◆ MATERIAL PROVIDED:
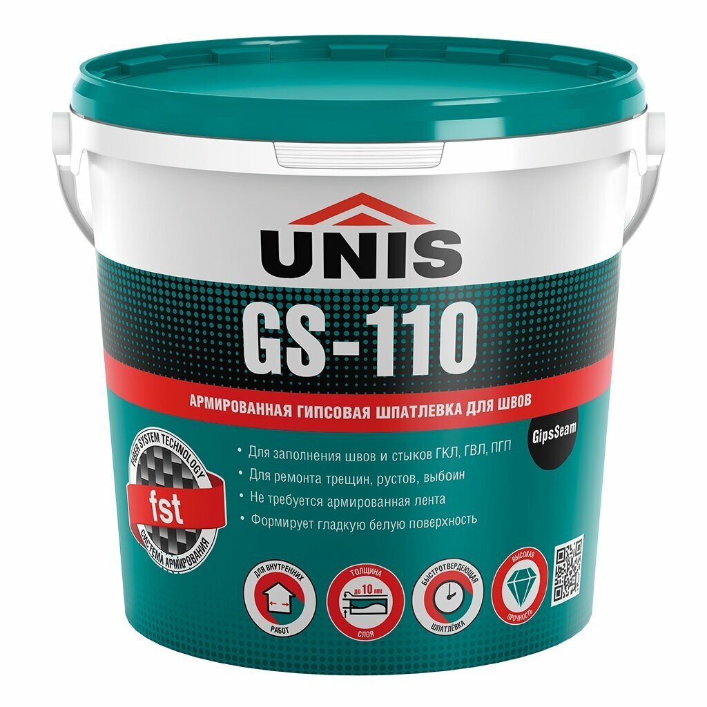 **Шпаклёвка гипсовая Unis GipsSeam GS-110** используется для заделки швов. Характеризуется высокой прочностью. Формирует ровную и гладкую поверхность, которая может подвергаться дальнейшей обработке — покраске, поклейке обоев, нанесению декоративной штукатурки.
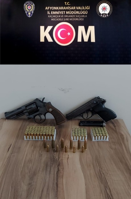 Afyonkarahisar İl Emniyet Müdürlüğü Kaçakçılık ve Organize Suçlarla Mücadele Şube Müdürlüğünce, ‘Kültür ve Tabiat Varlıklarına Muhalefet’ suçuyla mücadele kapsamında, tarihi eser olduğu değerlendirilen Sandıklı ilçesinde bulunan bir ikamette arama yapıldı. Yapılan aramalar sonucunda evde; 2 adet tabanca, 111 adet fişek, 1 adet şarjör ele geçirildi.
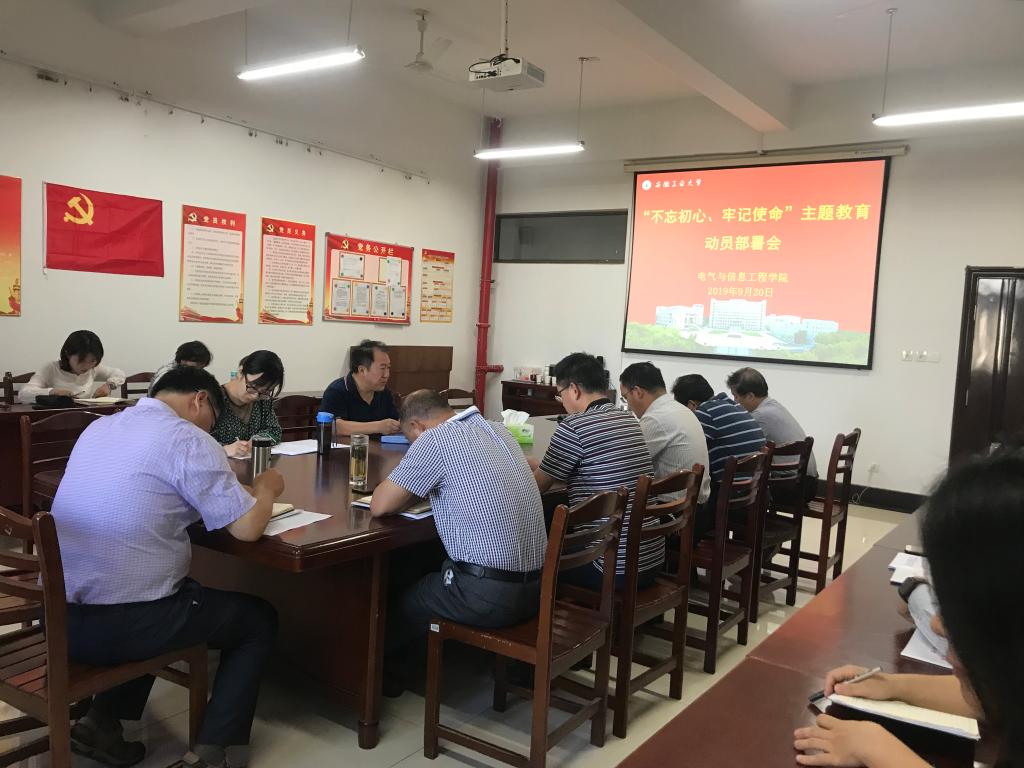 9月20日上午,电气博彩 党委召开“不忘初心、牢记使命”主题教育动员部署会。校党委主题教育督导组第四督导工作组到会指导。博彩 党政领导、党委委员、党支部书记、系室中心主任、科级干部、工会主席和全体辅导员参加会议。会议由院党委书记叶凤华主持。
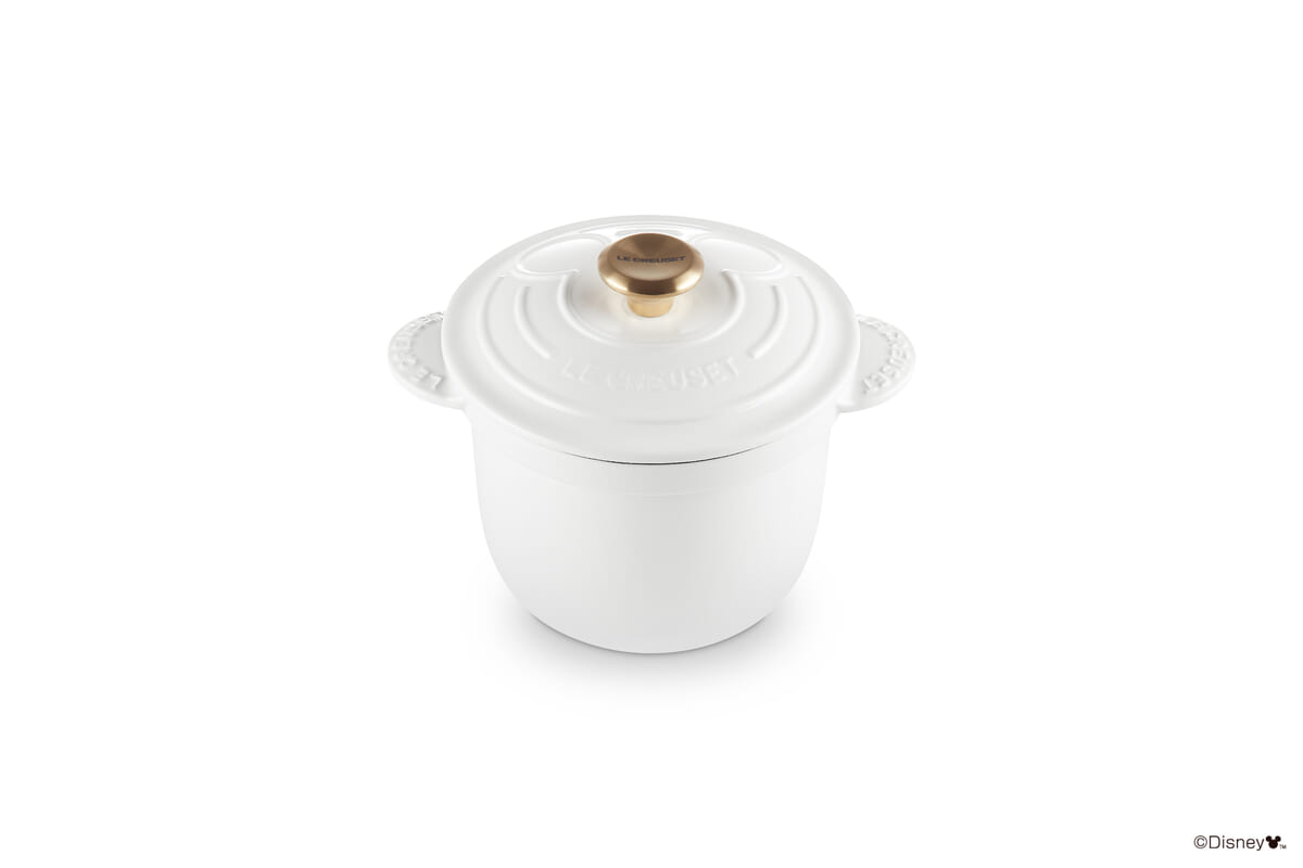 「ミッキーマウス」のアイコンをさりげなくフタに施し、ゴールドのツマミ(ノブ)を合わせることで、高級感のある装いに。
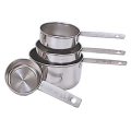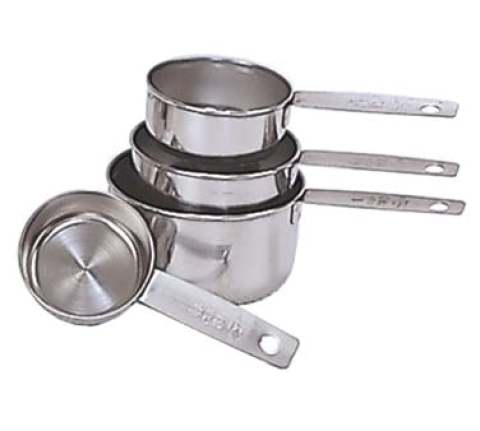 Measuring Cup Set, 4-piece, interior and exterior graduations, flat handle with hanging hole, nestable, includes: 1/4, 1/3, 1/2 & 1 cup capacities, stainless steel, carded
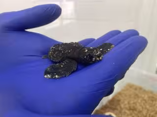 La pequeña tortuga marina ha nacido después de 46 días de incubación, dentro de los plazos habituales de eclosión que se sitúan entre los 45 y los 65 días desde la puesta.
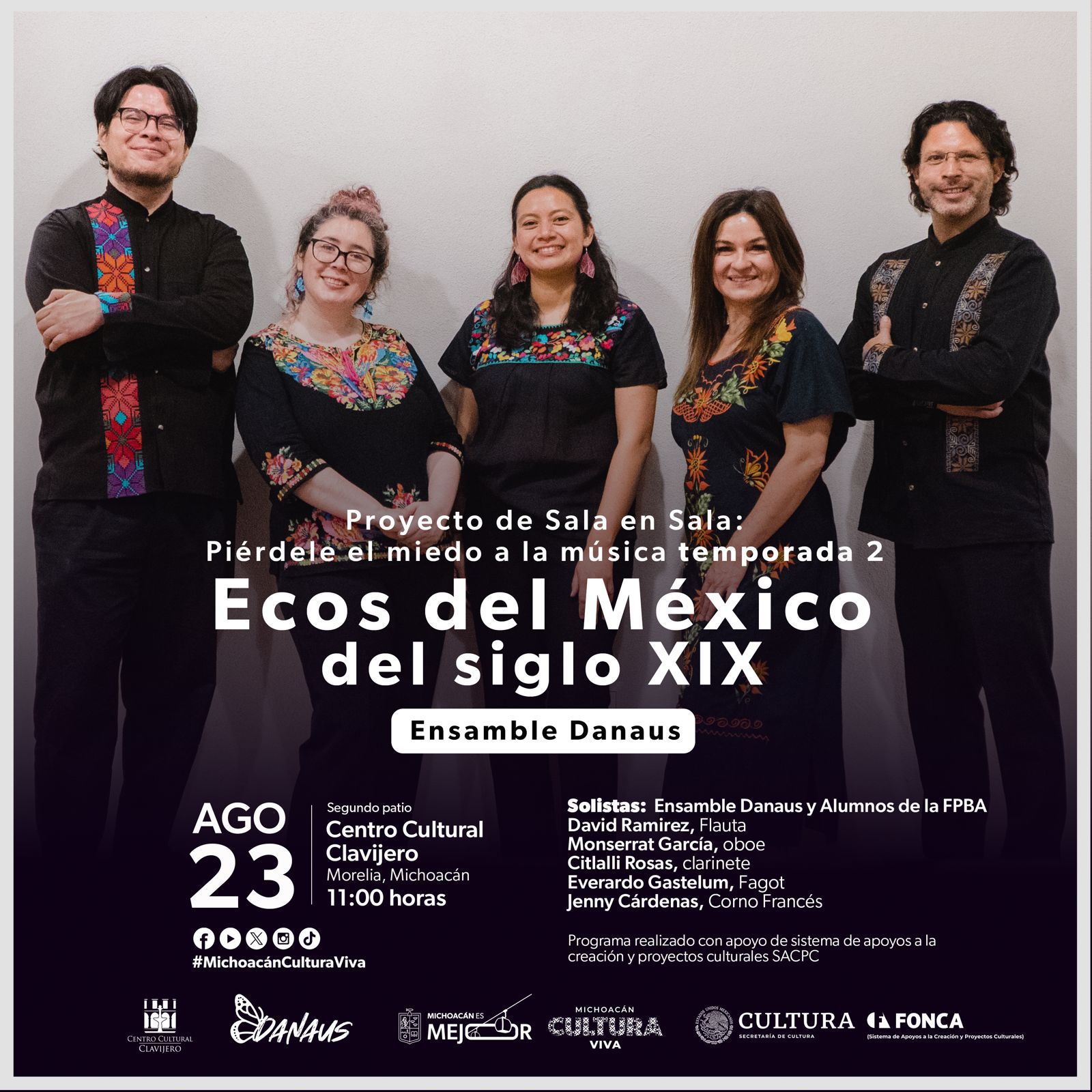 El recital estará a cargo del Ensamble Danaus, acompañado por estudiantes de la Facultad Popular de Bellas Artes de la Universidad Michoacana de San Nicolás de Hidalgo (UMSNH). En esta ocasión se contará con la participación de los solistas: David Ramírez (flauta), Monserrat García (oboe), Citlalli Rosas (clarinete), Everardo Gastélum (fagot) y Jenny Cárdenas (corno francés).

◆ TASK TO CARRY OUT: Find the line with "Measuring Cup Set, 4-piece, interior" in the listing and extract it and all lines after it through the end, exactly, without the pictures.

◆ RESULT BELOW:
 Measuring Cup Set, 4-piece, interior and exterior graduations, flat handle with hanging hole, nestable, includes: 1/4, 1/3, 1/2 & 1 cup capacities, stainless steel, carded
 La pequeña tortuga marina ha nacido después de 46 días de incubación, dentro de los plazos habituales de eclosión que se sitúan entre los 45 y los 65 días desde la puesta.
 El recital estará a cargo del Ensamble Danaus, acompañado por estudiantes de la Facultad Popular de Bellas Artes de la Universidad Michoacana de San Nicolás de Hidalgo (UMSNH). En esta ocasión se contará con la participación de los solistas: David Ramírez (flauta), Monserrat García (oboe), Citlalli Rosas (clarinete), Everardo Gastélum (fagot) y Jenny Cárdenas (corno francés).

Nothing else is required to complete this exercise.